# Are gaps absolutely necessary on decking?



## SuperHans (Feb 11, 2011)

Follow the manufacturer's recommendation for the spacing. In addition to expansion issues, if you snug all the boards up you won't have proper drainage and water will pool all over.


----------



## kwikfishron (Mar 11, 2010)

As mentioned follow the manufactures instructions exactly.

If you don’t you will likely void the warranty, something you just may need with your composite decking.


----------



## coderguy (Jan 10, 2011)

If you can, get two drills. Have someone drilling pilot ahead of the person drilling screws. You want the deck to last forever and be low maintenance - so do pilot holes and space the boards.

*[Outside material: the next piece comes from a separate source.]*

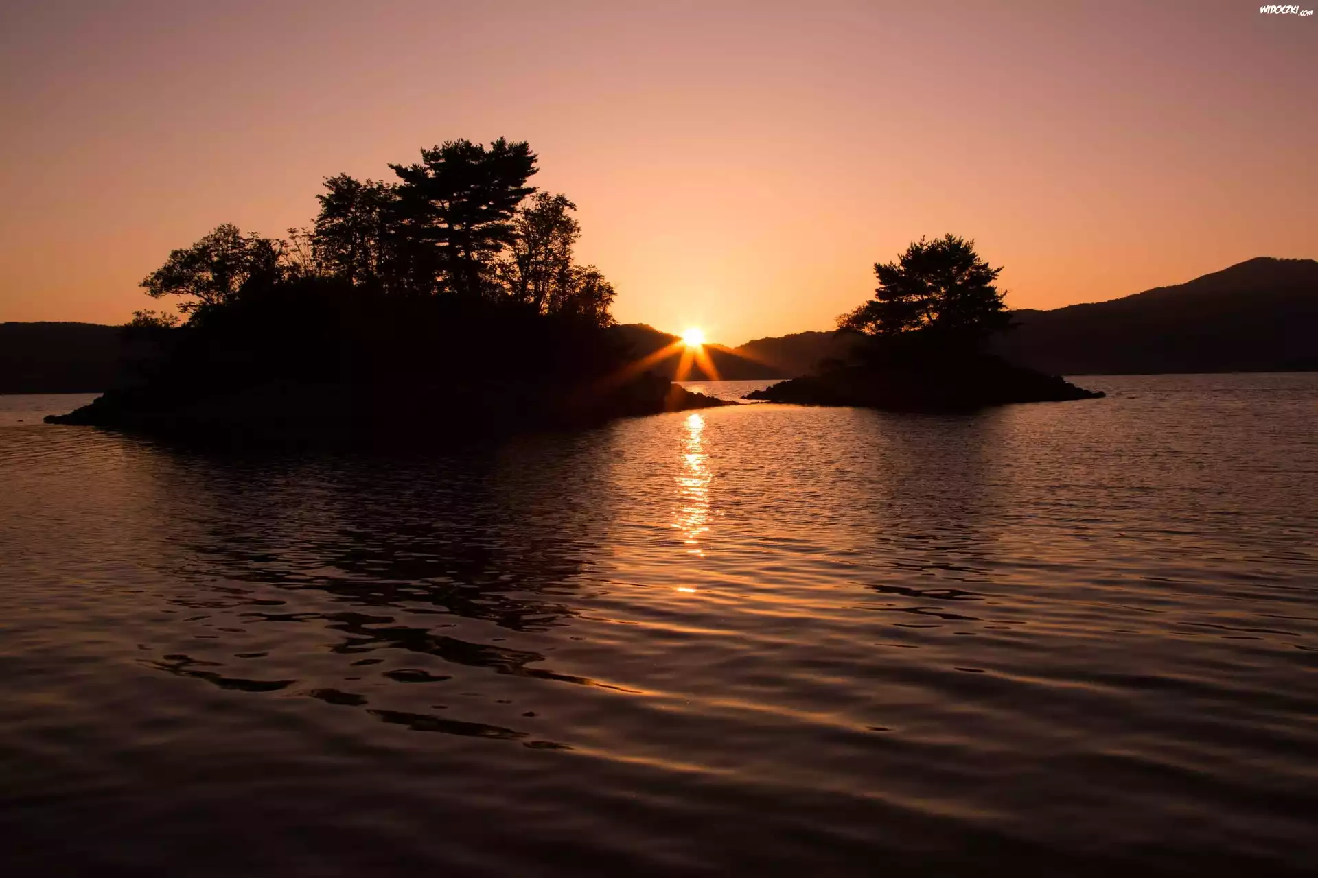 Zdjęcia, Zachód słońca, Drzewa, Jezioro

She can't walk on the deck at all if it is always slippery and wet.


----------



## Tom Struble (Dec 29, 2008)

hmm no gap? i wonder why no one ever tried that before?


----------



## Daniel Holzman (Mar 10, 2009)

Expansion of wood products (this includes composite material with significant wood content) is generally controlled by moisture content of the product, not by temperature. Wood typically expands across the grain by anywhere from 1 to 3 percent, depending on species, as it goes from driest condition (typically 6 percent moisture content) to wettest condition (typically at least 30 percent moisture content). 

Composite materials that use sawdust or wood fibers in the core are subject to expansion and contraction due to changes in moisture content, which is typically seasonal. In order to prevent buckling of the deck during the wet season, you need adequate gaps between the boards. The manufacturer (as noted by other posters) will typically tell you the required gap between boards. Bear in mind that if you install the deck boards when they are dry (this is typical), they are going to expand after a few good rains. Your wife will not enjoy walking on a deck that feels wavy.


----------



## gregzoll (Dec 25, 2006)

Actually instead of screws into the deck boards, I would use hidden fasteners. Not only is it more aesthetic to the eye, but will keep a small gap. I think that the OP is afraid of the situation, where those parties that do not follow instructions, use a piece of decking laid on side for the gap, which is incorrect, but they do it to save on materials. Less materials used, more money for something else.


----------



## Grizzlybare (Feb 14, 2011)

Well, now that presents a problem. The spacing will have to be over a 1/4" for the boards to come out uniformly. I have a 19 board run that is snug. If the boards are 5 1/2", taking one out will leave me 18 gaps at .3" per gap. Is that adequate or too much?


----------



## Willie T (Jan 29, 2009)

This is usually decided for you by the fact that the house (assuming you are starting at the house edge) is rarely square with the outer edge of the deck.

What is generally done is that the 'starter' piece against the house is ripped down narrower on the backside so that it both fits to the house, and also leaves the side that will match the next board installed parallel with the outside edge of the deck. (same distance away, all across)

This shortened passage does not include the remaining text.